Hello Anders, I certainly have not seen that behavior before, so I have pinged a few folks to see if they have any insight to provide. Which STM32MP1 board is this you are using, the Discovery Kit?

Hi, the board is a custom board with a Ka-Ro QSMP-1570 module.

The image is built on Yocto Thud.

Hi Anders, it turns out, this is actually the kernel detecting hung tasks as configured in Kconfig.debug « lib - kernel/git/torvalds/linux.git - Linux kernel source tree, so you might be able to build your image with that flag enabled in your kernel configuration or overridden in your recipe.

However, you might be best served investigating the source of the hangs, as that could cause issues later if they are not truly addressed. Hope that helps, thanks.

Hi, I understand that the problem is that one task is taking to much time, but from the dump I don’t understand which one to investigate.

Hi Anders, one method that may work to help narrow down the trouble could be to increase the hung kernel task time, and lower the amount that can be cached (thus making it faster to write the data) with the following:

sysctl -w kernel.hung_task_panic=300
sysctl -w vm.dirty_background_ratio = 5 
sysctl -w vm.dirty_ratio = 10

Hope that helps!

Hi,

The problem was that my new board is missing sd card detection pin on a empty sdcard socket. Balena is running from a eMMC instead.

I tried to fix this by delete the cd-gpios property in the device tree and tried with and without broken-cd instead, but that didn’t help.

I solved it temporary by changing cd-gpios from GPIO_ACTIVE_LOW to GPIO_ACTIVE_HIGH. But I don’t think it’s a solution and would prefer to activate pull-up bias on that pin instead as the pin is now floating.

So, how do I activate pull-up on that pin or is there a better way to solve it?
I can change the hardware in later rev. but I need this board until then.

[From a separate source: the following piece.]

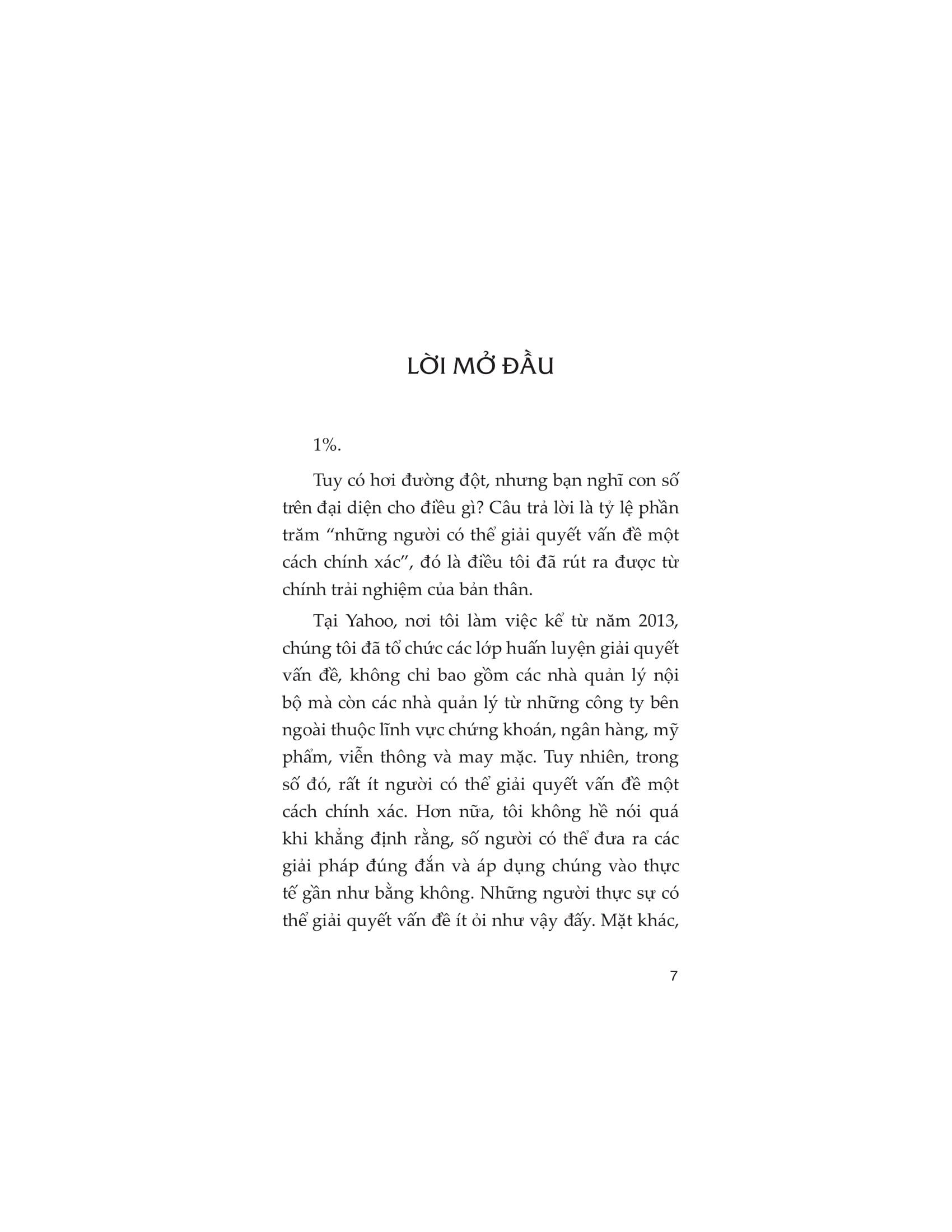 Nếu bạn khao khát trở thành một nhân sự xuất sắc, người có thể đứng trong top 1% và được tin tưởng giao phó những nhiệm vụ khó khăn nhất, thì cuốn sách này là dành cho bạn. Để trở thành nhân sự xuất sắc, bạn cần khả năng tư duy sắc bén, giải quyết vấn đề nhanh chóng và chính xác, và đặc biệt là biết cách biến thử thách thành cơ hội. Cuốn sách sẽ hướng dẫn bạn qua phương pháp tư duy 4 bước – một hệ thống giúp bạn tháo gỡ các nút thắt từ đơn giản đến phức tạp. Những quy tắc và bài học thực chiến được tác giả đúc kết từ kinh nghiệm thực tế, sẽ giúp bạn nắm bắt từng bước xử lý vấn đề, làm chủ tình huống, và mang lại kết quả mà không phải ai cũng có thể đạt được.

The section look like this:

&sdmmc1 {
arm,primecell-periphid = <0x10153180>;
pinctrl-names = “default”, “opendrain”, “sleep”;
pinctrl-0 = <&sdmmc1_pins_mx>;
pinctrl-1 = <&sdmmc1_pins_opendrain_mx>;
pinctrl-2 = <&sdmmc1_pins_sleep_mx>;
bus-width = <4>;
vmmc-supply = <&reg_3v3>;
cd-gpios = <&gpiob 7 GPIO_ACTIVE_LOW>;
no-1-8-v;
st,neg-edge;
status = “okay”;
};

Hi, glad to learn you have found the root cause of the problems. The broken-cd attribute is what is usually used to inform the kernel that there is no card detection and polling should be used. It’s strange that this is not working in your case.
To answer your question, the IOMUX pad settings are usually configured from the iomux device tree entries, which in your case are the sdmmc1_pins_mx, sdmmc1_pins_opendrain_mx and sdmmc1_pins_sleep_mx for the different CPU states.

Now that it seems your BalenaOS porting is nearly finished, what are your long term plans for this board? A custom OS will not be able to use all the features of balenaCloud, so let us know if you are thinking about adding this board to balenaCloud so it appears in your dashboard. Basically you could add the board as a community supported board (see Device Types and Versioning - Balena Documentation) and we would work with you in preparing a repository under the balena-os github organization where you could PR your changes.

Hello. Just wanted to ping and see how this is going? Our OS’s team would be happy to work with you to turn this into a community supported board.